/Mayastor-1

A cloud native declarative data plane in containers for containers

Primary LanguageRustApache License 2.0Apache-2.0

MayaStor CI-basic

built with nix CI-basic Slack FOSSA Status

OpenEBS Logo

MayaStor is a cloud-native declarative data plane written in Rust. Our goal is to abstract storage resources and their differences through the data plane such that users only need to supply the what and do not have to worry about the how so that individual teams stay in control.

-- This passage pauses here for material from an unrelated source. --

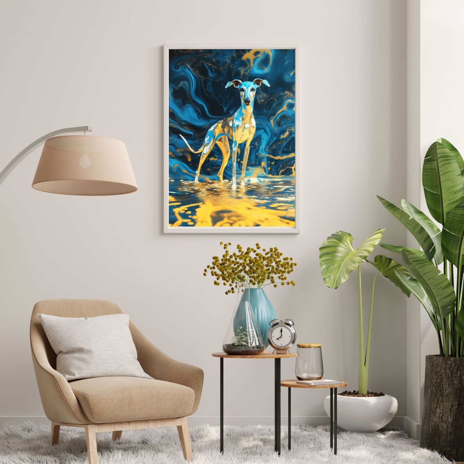 美しくかわいいワンちゃん達のアートポスターを玄関やリビング、ダイニングや寝室に一枚飾るだけで、幸せな空間が一気に広がります。

We also try to be as unopinionated as possible. What this means is that we try to work with the existing storage systems you might already have and unify them as abstract resources instead of swapping them out whenever the resources are local or remote.

Some targeted use cases are:

  • Low latency workloads for converged and segregated storage by leveraging NVMe/NVMe over Fabrics (NVMe-oF)
  • Micro-VM based containers like Firecracker microVMs and Kata Containers by providing storage over vhost-user
  • Programmatic based storage access, i.e write to block devices from within your application instead of making system calls
  • Storage unification to lift barriers so that you can start deploying cloud native apps on your existing storage without painful data gravity barriers that prevent progress and innovation

Table of contents:

Overview

At a high-level, MayaStor consists of two major components.

Control plane:

  • A single instance K8s controller which implements the CSI controller spec but also private interfaces that otherwise would be implemented by your storage system. This is called Mother Of All Containers native storage or MAOC for short; it runs as a k8s deployment.

  • A per node instance mayastor-agent which handles the per node CSI related aspects as well as private a set of private API's.

Data plane:

  • Each node you wish to use for storage or storage services will have to run a MayaStor daemon set. MayaStor itself has three major components: the Nexus, a local storage component, and the mayastor-agent.

Nexus

The Nexus is responsible for attaching to your storage resources and making it available to the host that is selected to run your k8s workload. We call these from the Nexus' point of view its "children".

The goal we envision the Nexus to provide here, as it sits between the storage systems and PVCs, is loose coupling.

A practical example: Once you are up and running with persistent workloads in a container, you need to move your data because the storage system that stores your PVC goes EOL. You now can control how this impacts your team without getting into storage migration projects, which are always painful and complicated. In reality, the individual storage volumes per team/app are relatively small, but today it is not possible for individual teams to handle their own storage needs. The Nexus provides the abstraction over the resources such that the developer teams stay in control.

The reason we think this can work is because applications have changed, and the way they are built allows us to rethink they way we do things. Moreover, due to hardware changes we in fact are forced to think about it.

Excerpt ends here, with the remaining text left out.